EXERCISE AIM: Your response should consist of the data that follows, repeated in full without alteration.

DATASET SECTION:
:::
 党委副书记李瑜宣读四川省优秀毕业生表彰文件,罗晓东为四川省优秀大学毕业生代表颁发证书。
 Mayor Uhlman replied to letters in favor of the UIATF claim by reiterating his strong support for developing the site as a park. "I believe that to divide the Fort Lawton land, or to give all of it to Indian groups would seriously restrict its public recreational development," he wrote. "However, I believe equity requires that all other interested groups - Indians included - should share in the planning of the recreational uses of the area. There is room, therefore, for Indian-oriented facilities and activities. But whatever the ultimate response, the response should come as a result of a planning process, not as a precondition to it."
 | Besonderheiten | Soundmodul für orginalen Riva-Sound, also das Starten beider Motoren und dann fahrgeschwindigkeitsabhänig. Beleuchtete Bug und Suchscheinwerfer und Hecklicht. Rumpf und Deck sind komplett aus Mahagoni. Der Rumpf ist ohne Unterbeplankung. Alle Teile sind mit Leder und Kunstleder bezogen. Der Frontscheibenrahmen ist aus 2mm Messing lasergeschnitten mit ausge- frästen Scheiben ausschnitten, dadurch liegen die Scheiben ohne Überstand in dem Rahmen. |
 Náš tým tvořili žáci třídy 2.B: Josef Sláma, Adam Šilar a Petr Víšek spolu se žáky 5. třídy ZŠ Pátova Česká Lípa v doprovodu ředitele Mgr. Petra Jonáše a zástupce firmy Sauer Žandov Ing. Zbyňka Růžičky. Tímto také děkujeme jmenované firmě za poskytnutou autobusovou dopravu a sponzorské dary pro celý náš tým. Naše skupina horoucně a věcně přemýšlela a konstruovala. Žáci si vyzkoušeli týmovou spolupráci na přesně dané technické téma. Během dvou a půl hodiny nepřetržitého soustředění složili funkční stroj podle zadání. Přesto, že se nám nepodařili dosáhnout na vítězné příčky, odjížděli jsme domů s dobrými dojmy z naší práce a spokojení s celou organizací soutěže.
:::
EXERCISE OUTPUT:
 党委副书记李瑜宣读四川省优秀毕业生表彰文件,罗晓东为四川省优秀大学毕业生代表颁发证书。
 Mayor Uhlman replied to letters in favor of the UIATF claim by reiterating his strong support for developing the site as a park. "I believe that to divide the Fort Lawton land, or to give all of it to Indian groups would seriously restrict its public recreational development," he wrote. "However, I believe equity requires that all other interested groups - Indians included - should share in the planning of the recreational uses of the area. There is room, therefore, for Indian-oriented facilities and activities. But whatever the ultimate response, the response should come as a result of a planning process, not as a precondition to it."
 | Besonderheiten | Soundmodul für orginalen Riva-Sound, also das Starten beider Motoren und dann fahrgeschwindigkeitsabhänig. Beleuchtete Bug und Suchscheinwerfer und Hecklicht. Rumpf und Deck sind komplett aus Mahagoni. Der Rumpf ist ohne Unterbeplankung. Alle Teile sind mit Leder und Kunstleder bezogen. Der Frontscheibenrahmen ist aus 2mm Messing lasergeschnitten mit ausge- frästen Scheiben ausschnitten, dadurch liegen die Scheiben ohne Überstand in dem Rahmen. |
 Náš tým tvořili žáci třídy 2.B: Josef Sláma, Adam Šilar a Petr Víšek spolu se žáky 5. třídy ZŠ Pátova Česká Lípa v doprovodu ředitele Mgr. Petra Jonáše a zástupce firmy Sauer Žandov Ing. Zbyňka Růžičky. Tímto také děkujeme jmenované firmě za poskytnutou autobusovou dopravu a sponzorské dary pro celý náš tým. Naše skupina horoucně a věcně přemýšlela a konstruovala. Žáci si vyzkoušeli týmovou spolupráci na přesně dané technické téma. Během dvou a půl hodiny nepřetržitého soustředění složili funkční stroj podle zadání. Přesto, že se nám nepodařili dosáhnout na vítězné příčky, odjížděli jsme domů s dobrými dojmy z naší práce a spokojení s celou organizací soutěže.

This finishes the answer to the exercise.